Hesselbrock began practicing at UC Health.4 Further, the medical
assistant who left the practice worked primarily with the other
4 We also note that PN’s estimated losses in future patient revenue
were for gross revenue. See Wojtowicz v. Greeley Anesthesia Servs., P.C., 961 P.2d 520, 522-23 (Colo. App. 1997) (reversing determination of reasonable relationship to actual losses where “[t]he trial court’s conclusion as to the noncompetition provision is based on several theories of future lost profits which do not measure net earnings”).
22 departing physician. And Dr. Priebe testified that the reputational
losses were attributable to a “mass shift in providers.”
¶ 49 We recognize that Dr. Priebe testified that PN suffered some
unquantifiable monetary loss from lost referral sources and that he
estimated that PN would have to pay costs to replace Dr.
Hesselbrock if the replacement (1) came through a specific
recruitment firm with which PN had contracted; (2) had to relocate
to begin work; and (3) required a sign-on bonus. However, Dr.

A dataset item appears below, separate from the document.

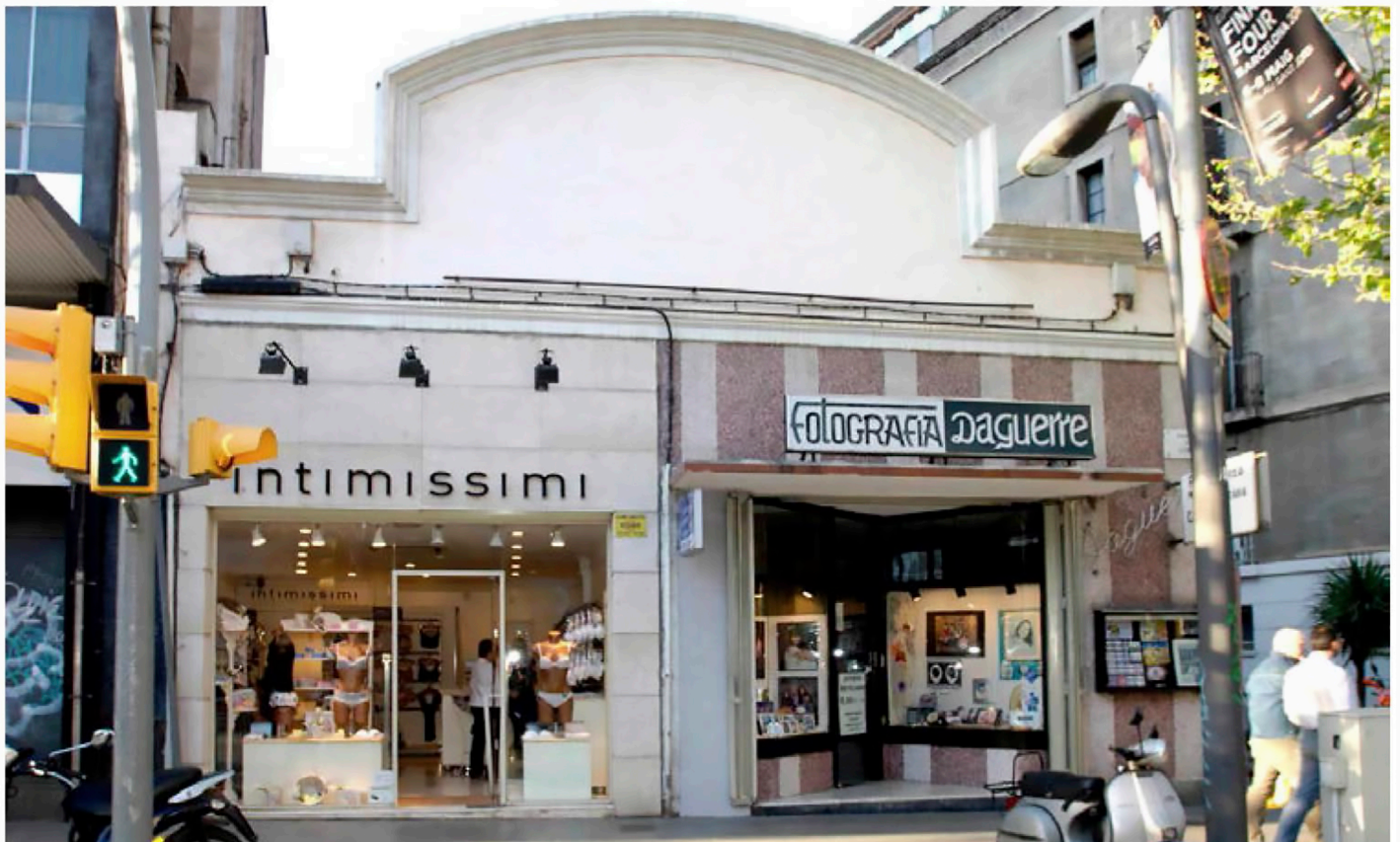
Fotografia Daguerre, Barcelona, 2014, foto Ricard Marco.

Com Daguerre , dos estudis de Bombai no han deixat mai de funcionar, adaptant-se als nous temps; però la major part dels que continuen actius han passat per un procés de recuperació que els hi ha donat nova vida al mateix temps que ha enriquit l'oferta cultural i d'oci de les ciutats: transformats en petits museus amb activitats fotogràfiques (analògiques i digitals),

Priebe also testified that PN had “grown in providers historically
since Dr. Hesselbrock left,” and there was no evidence that PN had
actually incurred recruitment fee, relocation, or sign-on bonus costs
related to any of those new providers. Moreover, it was the district
court’s sole province to determine the weight to accord witness
testimony, and the court wasn’t required to accept Dr. Priebe’s
testimony about these potential costs, even if it was uncontroverted.
In re Estate of Owens, 2017 COA 53, ¶ 22; see also Wojtowicz v.
Greeley Anesthesia Servs., P.C., 961 P.2d 520, 522 (Colo. App.
1997) (a damage award cannot be based on speculation and
conjecture).
23 V. Disposition
¶ 50 The portions of the judgment regarding post-termination
collections and liquidated damages are affirmed.
¶ 51 The portion of the judgment concluding that Dr. Hesselbrock
was not an employee under the CWCA is reversed and remanded for
proceedings consistent with this opinion.
JUDGE LIPINSKY and JUDGE SULLIVAN concur.